Happy Spring Equinox, all!



Tuesday, March 16, 2010

Freak. Out.

This is the lowest day I've had in a long time. I'm having a freakout. What do I think I'm doing? I don't know anyone in Mexico. I don't have a firm place to stay. I don't feel able to continue on in Maine - and I no longer have a home to return to in Carolina.

My ship is without mooring.

Today I had a meeting connected with my freelance work. I ended up in a corporate meeting room without lunch, feeling dazed and trapped, surrounded by a network of gray cubicles. This put a quick end to yesterday's fantasies of returning to the "respectable world." Huh.

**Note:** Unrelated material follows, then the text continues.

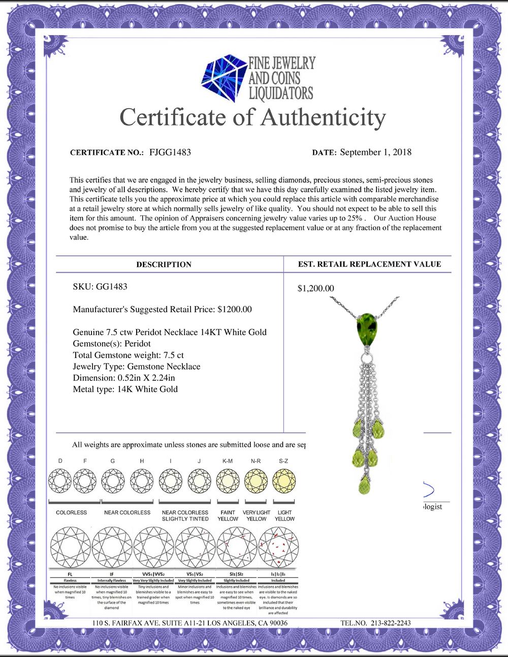 Genuine 14K Rose Gold 7.5 ctw Peridot Necklace

I really, really, really, really (you get the picture) feel uncomfortable about my housing situation in Mexico - or lack thereof. I've been corresponding with two people who contacted me via Craigslist. One is a woman with a room to rent. Her English isn't stellar and her concept of time is fuzzy. But this could be the structuralist in me being confused by the live-in-the-nowist in her.

The other option I've been pursuing is a place owned by an American who winters there. He said he could not hold the condo for me, to which I replied if it was the place for me, it would be available when I arrived. He gave me the email of his previous tenant. She raved about the place but said she'd rented the place sight unseen - and counseled me to do the same, lest this perfect deal pass me by. When I said "oh, no" she pushed me yet again, saying offers like this don't come along all the time and that I would be wise to sign on.

Up til that point, I was thinking this would be the place for me. But I'm feeling sold to. What if these are just some scammers sitting in their basement somewhere, far from Vallarta?

I am feeling spectacularly angry and alone.

Friday, March 12, 2010

Riding the wheel

During a tarot reading, the Wheel of Fortune came up for my time in Mexico. Once I heard the meaning, I had to smile. And every time I think of it, I smile yet again.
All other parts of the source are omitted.